GSK merger helps HUL's top line, but profit before tax down 6% in Q1

HUL Chairman and MD Sanjiv Mehta said he’d wait for the September quarter to give an assessment of demand
Hindustan Unilever (HUL), the country’s largest consumer goods company, on Tuesday reported a mixed set of numbers for the quarter ended June 30, 2020 (Q1), aided in part by its merger with GSK Consumer on April 1.

While profit before tax (PBT) for the period fell 6 per cent year-on-year to Rs 2,411 crore, revenue-wise HUL reported a 4.4 per cent year-on-year increase to Rs 10,560 crore, thanks to the merger of GSK Consumer nutrition brands with the companies. Revenue was ahead of a Bloomberg consensus estimate of Rs 9,880 crore for the period. GSK Consumer’s nutrition portfolio includes Horlicks, Boost, Maltova, and Viva.

Excluding the GSK business, overall revenue declined 7 per cent in the quarter, Srinivas Phatak, chief financial officer, HUL, said in a virtual press meet, indicating the extent of the damage to business due to the pandemic and nationwide lockdown. The company declared a special dividend of Rs 9.50 per share for the 2020-21 financial year. Analysts estimate volume decline for the quarter at 8 per cent in Q1, which, they say, is better than street estimates of a 11-13 per cent volume decline for the period.  
In the March quarter, HUL had reported a 7 per cent volume decline, more than the 4 per cent fall during the demonetisation quarter (October-December 2016). 
Net profit rose 7.2 per cent YoY to Rs 1,881 crore, which compares favourably with the Rs 1,722-crore consensus estimate of analysts tracked by Bloomberg.
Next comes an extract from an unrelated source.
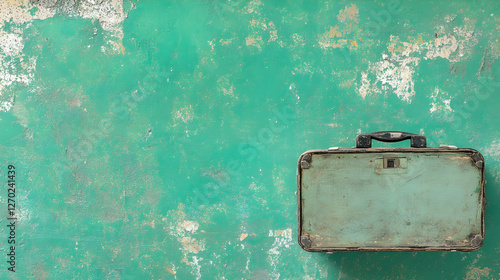 Vintage suitcase on teal wall, travel memories

Operating profit, however, fell 0.1 per cent to Rs 2,644 crore in Q1, while operating margins narrowed to 25 per cent from 26.2 per cent a year ago. “The negative impact of adverse mix and higher Covid-19-related costs were deftly managed by dialling up savings and unlocking synergies of the GSK Consumer merger, enabling us to sustain healthy margins,” Phatak said.

While rural areas have shown an uptick in sales , Sanjiv Mehta, chairman and managing director, HUL, declined to give an outlook for the future, saying he’d rather wait for the September quarter to give an assessment of demand. HUL gets 40 per cent of its sales in rural areas.

“We are pleased with what the government is doing to improve demand, especially, in rural areas. However, uncertainty remains, which will last till a vaccine is found. If supply-side disruptions ease, the September quarter should give us a good picture of underlying demand,” he said.

Analysts say HUL’s business remains resilient, given that 80 per cent of its portfolio is focused on health, hygiene, and nutrition, 15 per cent is discretionary in nature, and 5 per cent is focused on out-of-home consumption.

“80 per cent of HUL’s business registered a growth rate of 6 per cent in April-June,” said Kaustubh Pawaskar, associate vice-president (research), Sharekhan. “The nutrition business, including GSK Consumer’s products, registered 5 per cent growth, while the discretionary portfolio, including skincare, deos and colour cosmetics, and out-of-home consumption, which includes ice creams, declined 45 per cent and 70 per cent, respectively,” he said.